Memory Trick: Notice the symmetry! Everything on the product side is sixes (6 \(\text{CO}_2\) and 6 \(\text{H}_2\text{O}\)), except for the initial glucose molecule and the energy. The six oxygen molecules (\(6O_2\)) are needed to make this process balanced.

4. Practical Application: Measuring Aerobic Respiration

Although the syllabus often focuses on anaerobic respiration when discussing practicals (like yeast fermentation), understanding the products of aerobic respiration is crucial for human gas exchange experiments.

We know aerobic respiration produces carbon dioxide (\(\text{CO}_2\)). How can we test for this?

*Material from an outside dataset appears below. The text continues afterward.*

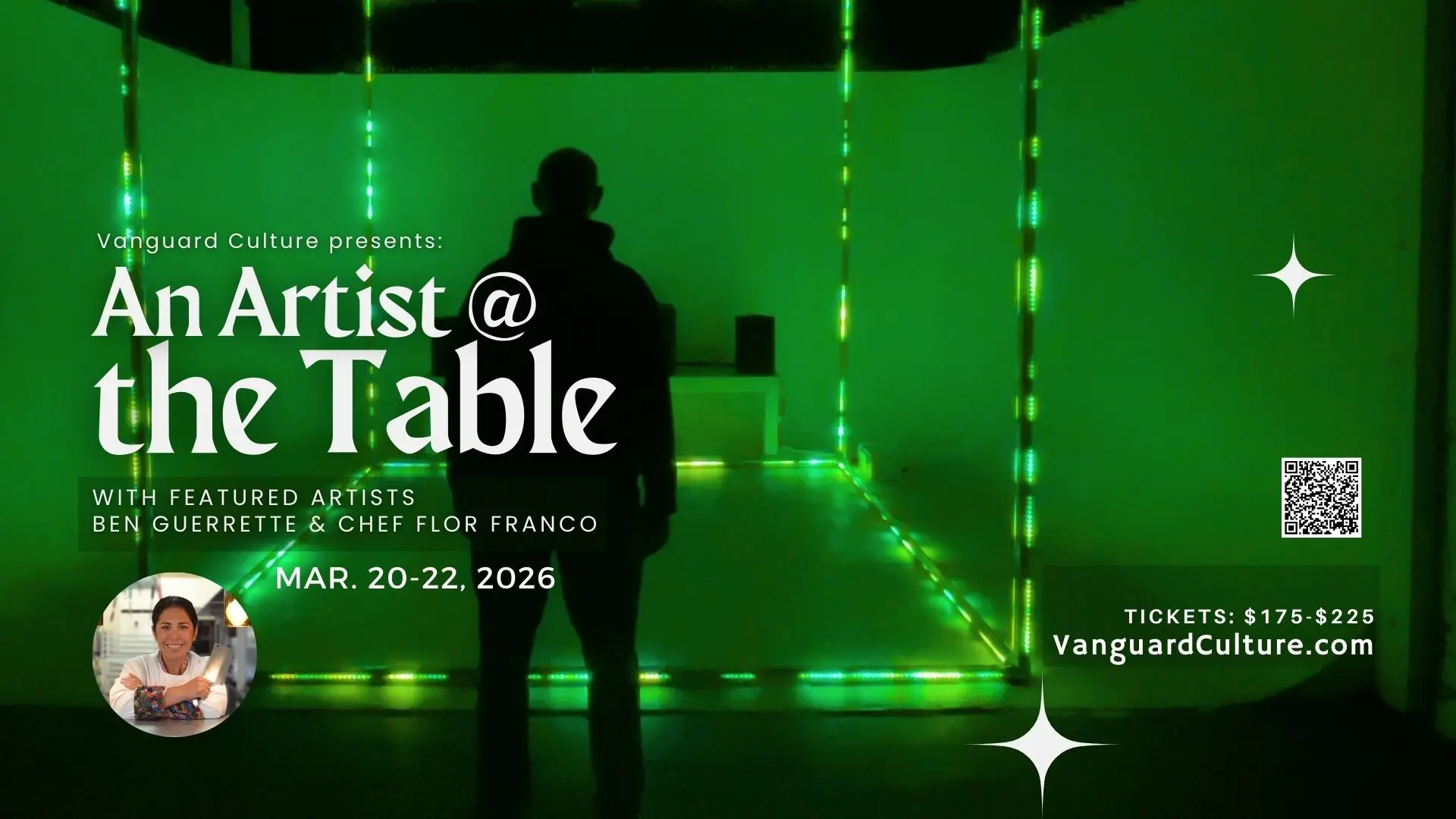 Step inside CHAPEL in Liberty Station, transformed into an immersive light, sound, and video art environment by visionary artist Ben Guerrette. Experience the next chapter of An Artist @ the Table, Vanguard Culture’s signature dinner series pairing visionary chefs with boundary-pushing artists. For three exclusive evenings, Chef Flor Franco will craft a 4-course culinary journey inspired by the immersive artwork of Ben Guerrette, who will transform CHAPEL into a multi-sensory exploration of the four elements—Water, Fire, Earth, and Air.

  • The classic test for carbon dioxide is using limewater (calcium hydroxide solution).
  • If \(\text{CO}_2\) is present, the limewater turns cloudy or milky (due to the formation of insoluble calcium carbonate).

In the chapter on Gas Exchange, you will investigate how expired (breathed out) air contains significantly more carbon dioxide than inspired (breathed in) air, proving that respiration is taking place in your body.

5. Why Aerobic Respiration is Superior

Why do most complex organisms (like humans) rely on aerobic respiration rather than anaerobic respiration (which we cover in the next section)?

Aerobic respiration is highly efficient because the oxygen allows the glucose molecule to be broken down completely into simple waste products (\(\text{CO}_2\) and \(\text{H}_2\text{O}\)).

This complete breakdown releases a very large amount of energy. If you were running a marathon, aerobic respiration would be your main source of power because it provides the sustainable energy output required for long activities.

Don't worry if this seems tricky at first! Just remember: Aerobic = Oxygen = Full Breakdown = Maximum Energy.

Quick Review: Aerobic Respiration
  • What is it? Chemical breakdown of nutrients (like glucose) using oxygen to release energy.
  • Where is the main site? Mitochondria (the cell’s power station).
  • Word Equation: Glucose + Oxygen → Carbon Dioxide + Water (+ Energy)
  • Chemical Equation (Extended): \(C_6H_{12}O_6 + 6O_2 \rightarrow 6CO_2 + 6H_2O\)
  • The Outcome: A large amount of energy is released to power all cell activities.

Great job! Now that you understand how cells produce energy with oxygen, you are ready to explore the less efficient, but still important, process of anaerobic respiration.